4. How many numbers between 0 and 10,000 have digits that sum to 9?

This is a relatively difficult problem, and the easiest way to solve it is approaching it as a multi-choose (e.g., stars and bars) problem. But even this can be hard to follow and conceptualize. In fact, what is happening in this process is a bijection. The solution actually consists of the numbers: {0009, 0090, …, 3105, …}. But how many are there? The stars and bars method in this case is actually “mapping” each of these numbers to a 9-letter object. In particular, if we let Th=Thousands, H=hundreds, T=tens, and O=ones, then each of the solution elements can be created by a 9-string using these four letters (again, we will consider these written as “alphabetical” based on digits): ThThHHTTTOO maps to 2,232. And because each of these strings has 9 letters, we can verify that the sum of the digits will be equal to 9 in every case; and since every number between 0 and 10,000 will have a certain number (between 0 and 9) of Ths, Hs, Ts, and Os, then there is a bijection between these two sets. Therefore, we can instead count the number of 9-strings, from four “letters” (where letters can repeat and order does not matter – aka, we only consider “one” of these strings – namely, the “alphabetical” based on digits one), which amounts to 12C3 ways. But the key to answering the original question lies in transforming it, modeling it, mapping it, to a collection of objects that is easier to count.

5. Random variables in statistics

Lastly, another common application of functions comes from statistics. In fact, random variables are functions. In particular, they are functions that map the outcome set to the set of real numbers. For example, the outcome set for flipping a coin three times consists of the following elements – effectively the “data” from the experiement: {HHH, HHT, HTH, HTT, THH, THT, TTH ,TTT}. Yet often what is of interest is a random variable, something like, say, X=the number of heads. Accordingly, this function, X, then maps each of the elements in the set to a number: 0, 1, 2, or 3 (i.e.,  HHH -> 3, whereas HTT -> 1). Indeed, understanding this relationship is critical to properly conceptualizing aspects of probability. In the original outcome set each of the eight outcomes are equally-likely, whereas because of the functional mapping process the random variable outcomes (0, 1, 2, 3) are not equally-likely. Notably, this mapping is not a bijection, since 1, for example, is mapped to from three different elements (HTT, THT, TTH) – which is in fact the reason that getting 1 head is three times as likely as getting 0 heads.

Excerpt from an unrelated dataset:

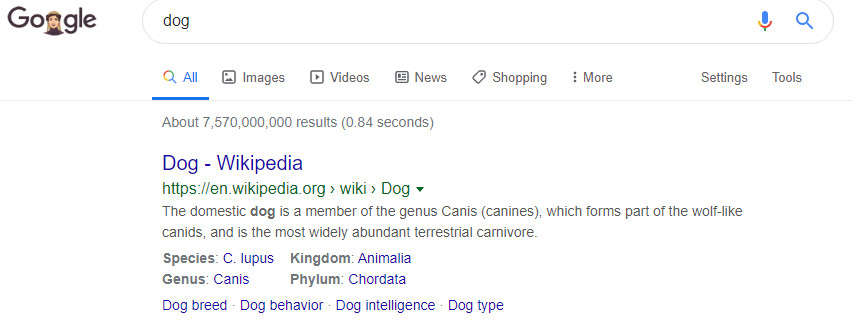 WONDERFUL! Over 7 and a half BILLION results! Boy oh boy I'm gonna learn some fun things about dogs.
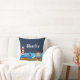 Este travesseiro fofo e divertido pode ser personalizado com um nome. Apresenta um macaco-marinheiro náutico num pavimento de madeira com uma gaivota e um caranguejo. Ao fundo há um farol vermelho e branco, um pássaro giro em um veleiro, ondas oceânicas e um céu azul marinho estrelado à noite.

These examples are by no means the only ones. However, they do perhaps provide some real applications and uses for understanding sets and functions more generally (particularly bijective functions), and they can provide a relatively natural contexts – counting problems – for becoming increasingly familiar with these concepts. Much of the time when we “solve a related” counting problem, we end up applying a bijective function – whether we are aware of it or not – as the means to help verify that we have counted correctly.